_Recorded information:_
--- START ---
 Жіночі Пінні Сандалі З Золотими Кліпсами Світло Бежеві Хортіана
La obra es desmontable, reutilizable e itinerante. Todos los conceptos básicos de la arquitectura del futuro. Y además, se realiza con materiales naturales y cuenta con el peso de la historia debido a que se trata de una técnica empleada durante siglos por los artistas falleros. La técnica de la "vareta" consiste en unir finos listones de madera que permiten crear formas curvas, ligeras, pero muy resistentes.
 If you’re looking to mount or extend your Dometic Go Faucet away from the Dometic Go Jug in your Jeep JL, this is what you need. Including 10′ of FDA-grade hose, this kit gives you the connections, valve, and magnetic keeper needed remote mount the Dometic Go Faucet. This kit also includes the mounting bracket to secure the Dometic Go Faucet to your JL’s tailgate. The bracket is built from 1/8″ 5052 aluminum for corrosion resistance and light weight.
--- END ---
_Directions:_
Write out the complete material a second time, matching it exactly.

_Answer space:_
 Жіночі Пінні Сандалі З Золотими Кліпсами Світло Бежеві Хортіана
La obra es desmontable, reutilizable e itinerante. Todos los conceptos básicos de la arquitectura del futuro. Y además, se realiza con materiales naturales y cuenta con el peso de la historia debido a que se trata de una técnica empleada durante siglos por los artistas falleros. La técnica de la "vareta" consiste en unir finos listones de madera que permiten crear formas curvas, ligeras, pero muy resistentes.
 If you’re looking to mount or extend your Dometic Go Faucet away from the Dometic Go Jug in your Jeep JL, this is what you need. Including 10′ of FDA-grade hose, this kit gives you the connections, valve, and magnetic keeper needed remote mount the Dometic Go Faucet. This kit also includes the mounting bracket to secure the Dometic Go Faucet to your JL’s tailgate. The bracket is built from 1/8″ 5052 aluminum for corrosion resistance and light weight.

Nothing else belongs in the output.